Pour se différencier, les facteurs de réussite sont nombreux : profondeur de l’offre produit – l’idée étant, par exemple, qu’un salon de coiffure puisse trouver au même endroit aussi bien du matériel professionnel que des meubles pour aménager son point de vente –, simplicité d’utilisation, prise en charge du paiement, mise à disposition de datas, etc. « Des parcours client se créent en B to C et se déportent en B to B, comme le paiement », remarque Matthieu Simon. C’est un enjeu pour Faire : les professionnels prenant de nouvelles habitudes d’achat dans le cadre privé apprécient que les fonctionnalités proposées, notamment en termes de fluidité du parcours, le soient aussi quand ils passent des commandes dans le cadre du travail.
Marché d’hiver
La conquête de l’Hexagone s’est articulée pour Faire en différentes étapes, à commencer par l’ouverture de la plateforme aux marques, puis aux magasins. Des conditions spécifiques, qui se veulent autant de facteurs de différenciation, ont progressivement été mises en place, comme le retour gratuit pour les magasins si la marchandise reçue ne convient pas, le paiement à 60 jours – qu’Ankorstore propose aussi – ou encore une gestion de la traduction, de la TVA et des droits de douane pour faciliter les ventes outre-Atlantique. « Cela a commencé plus fort que ce que l’on pensait : le volume d’affaires s’est établi à 150 millions de dollars pour l’Europe en 2021 », relève Olivier Buffon. Un résultat atteint aux États-Unis en trois ans contre une demi-année sur le continent européen. Côté communication, Faire s’est, fin 2021, rapprochée de l’agence Rumeur Publique, afin de faire parler d’elle. Dans le détail, l’agence a en charge ses relations presse et publics et sa stratégie de contenus sur le territoire.

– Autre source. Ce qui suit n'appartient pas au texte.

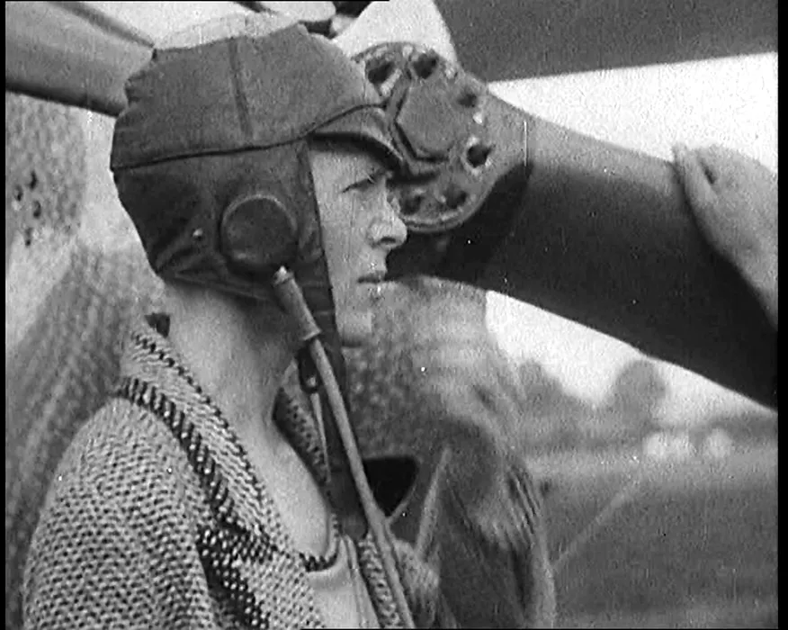 American Aviator Amelia Mary Earhart Wearing A Helmet In Front Of An Airplane. Date: 1920,Image: 796704324, License: Rights-managed, Restrictions: , Model Release: no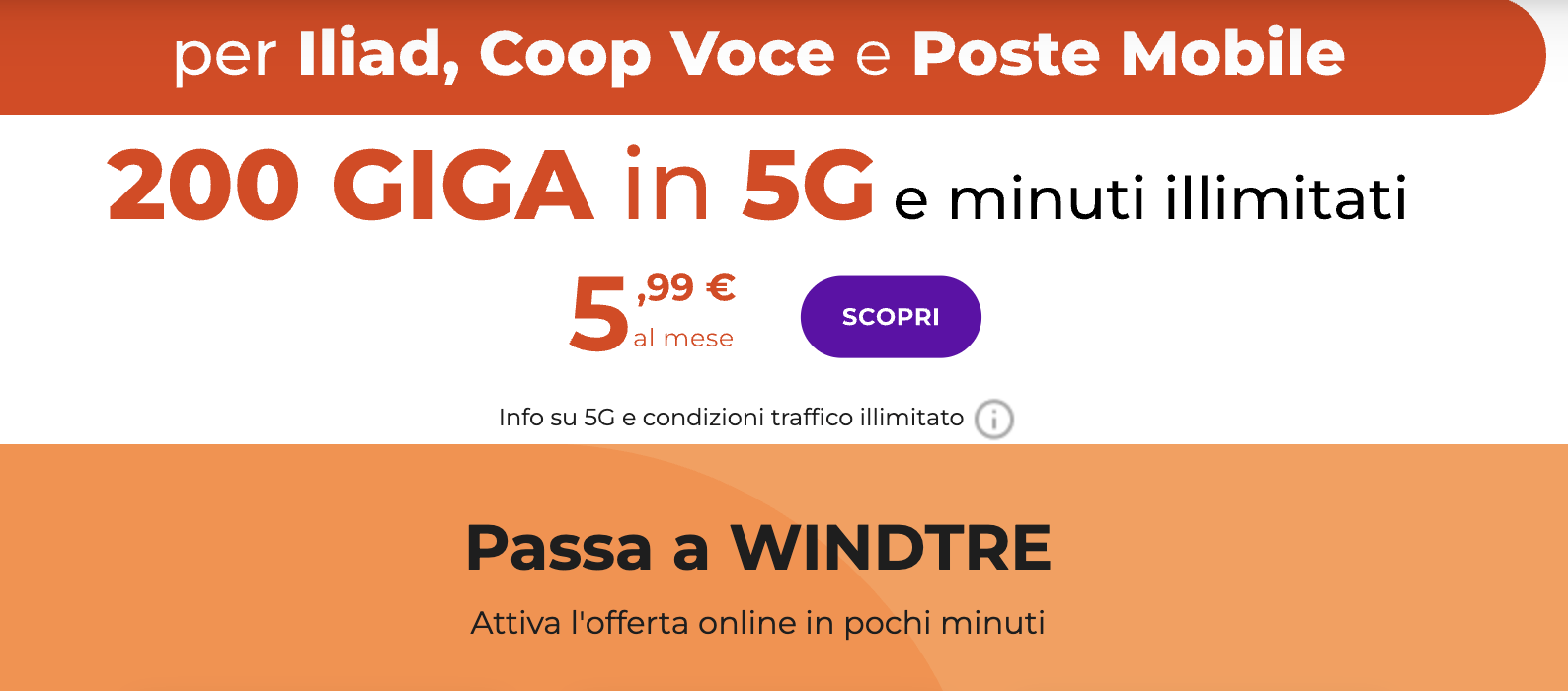 WindTre 200 GIGA 5G e minuti illimitati a 5,99€: l'offerta choc!

Autre levier activé : tout en s’appuyant sur le bouche-à-oreille, qui selon elle reste son premier canal de notoriété, la plateforme a organisé, quand le covid le permettait, des événements physiques, confidentiels (une vingtaine de personnes) ou plus ouverts (300 participants), pour faire se rencontrer magasins et marques. Elle peaufine actuellement la deuxième édition européenne de son événement virtuel mondial, le Faire Winter Market, qui se tiendra du 31 janvier au 4 février, qui sera accessible aux clients et prospects et où notamment les commerçants auront accès à des promotions de la part des marques. À titre d’exemple, près de 12 000 marques auraient reçu des commandes de 30 000 détaillants, durant la précédente édition, l’été dernier.
Par ailleurs, sans toutefois avoir mené d’actions spécifiques à leur égard, Faire se dit proche des organisations de commerçants pour faire connaître son service auprès de cette cible privilégiée et, dans l’optique de « ne fermer aucune porte », n’exclut pas de passer par la publicité.
Chiffres-clés
150 millions de dollars. Volume d’affaires réalisé en Europe (soit 132 millions d’euros).
700 +. Nombre de salariés de Faire dans le monde. La plateforme est présente dans une petite vingtaine de pays.